TASK: The required output is every line from the beginning of the entries below through the line that includes "Wavy lines within", copied exactly.

[Dataset items]
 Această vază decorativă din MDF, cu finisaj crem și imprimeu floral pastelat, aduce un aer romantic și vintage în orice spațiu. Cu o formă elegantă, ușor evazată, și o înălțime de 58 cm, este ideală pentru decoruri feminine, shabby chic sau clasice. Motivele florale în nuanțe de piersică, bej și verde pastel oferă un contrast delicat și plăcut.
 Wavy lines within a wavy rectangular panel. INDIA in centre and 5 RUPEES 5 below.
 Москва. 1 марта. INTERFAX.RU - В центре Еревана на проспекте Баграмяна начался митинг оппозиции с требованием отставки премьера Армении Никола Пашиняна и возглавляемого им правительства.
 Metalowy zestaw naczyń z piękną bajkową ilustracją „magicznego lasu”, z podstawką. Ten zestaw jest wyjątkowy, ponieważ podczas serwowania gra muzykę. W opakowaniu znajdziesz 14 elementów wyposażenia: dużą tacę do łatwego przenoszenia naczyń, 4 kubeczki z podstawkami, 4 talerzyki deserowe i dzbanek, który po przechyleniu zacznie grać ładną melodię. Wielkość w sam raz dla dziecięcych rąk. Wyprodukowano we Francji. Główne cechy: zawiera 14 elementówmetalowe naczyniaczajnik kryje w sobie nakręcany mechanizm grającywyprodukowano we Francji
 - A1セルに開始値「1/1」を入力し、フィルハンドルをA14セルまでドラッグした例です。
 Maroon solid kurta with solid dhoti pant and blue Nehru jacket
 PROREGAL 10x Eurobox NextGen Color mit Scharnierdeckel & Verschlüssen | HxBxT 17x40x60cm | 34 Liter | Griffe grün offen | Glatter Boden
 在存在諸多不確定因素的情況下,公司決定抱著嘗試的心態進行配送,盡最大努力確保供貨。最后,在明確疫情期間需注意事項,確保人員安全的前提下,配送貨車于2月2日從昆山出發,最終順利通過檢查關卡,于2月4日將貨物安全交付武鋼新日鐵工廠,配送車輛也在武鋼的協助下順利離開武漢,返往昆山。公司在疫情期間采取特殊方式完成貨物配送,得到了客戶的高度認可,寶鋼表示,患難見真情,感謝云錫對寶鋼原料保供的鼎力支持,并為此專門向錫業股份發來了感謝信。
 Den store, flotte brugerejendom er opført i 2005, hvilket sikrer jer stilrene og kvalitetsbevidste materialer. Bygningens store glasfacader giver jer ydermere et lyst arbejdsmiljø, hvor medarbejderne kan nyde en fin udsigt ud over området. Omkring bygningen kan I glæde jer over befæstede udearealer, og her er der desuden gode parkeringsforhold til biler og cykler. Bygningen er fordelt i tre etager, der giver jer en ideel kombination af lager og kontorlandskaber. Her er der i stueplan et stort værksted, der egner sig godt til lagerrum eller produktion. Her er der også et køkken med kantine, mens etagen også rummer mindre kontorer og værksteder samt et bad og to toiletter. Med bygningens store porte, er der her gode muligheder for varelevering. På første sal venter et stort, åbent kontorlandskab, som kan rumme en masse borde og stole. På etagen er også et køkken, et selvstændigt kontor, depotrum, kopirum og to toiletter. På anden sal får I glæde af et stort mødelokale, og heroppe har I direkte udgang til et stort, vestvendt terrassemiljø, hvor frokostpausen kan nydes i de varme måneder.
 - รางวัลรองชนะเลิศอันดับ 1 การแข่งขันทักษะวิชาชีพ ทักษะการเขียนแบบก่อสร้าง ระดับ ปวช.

ANSWER TO THIS EXERCISE:
 Această vază decorativă din MDF, cu finisaj crem și imprimeu floral pastelat, aduce un aer romantic și vintage în orice spațiu. Cu o formă elegantă, ușor evazată, și o înălțime de 58 cm, este ideală pentru decoruri feminine, shabby chic sau clasice. Motivele florale în nuanțe de piersică, bej și verde pastel oferă un contrast delicat și plăcut.
 Wavy lines within a wavy rectangular panel. INDIA in centre and 5 RUPEES 5 below.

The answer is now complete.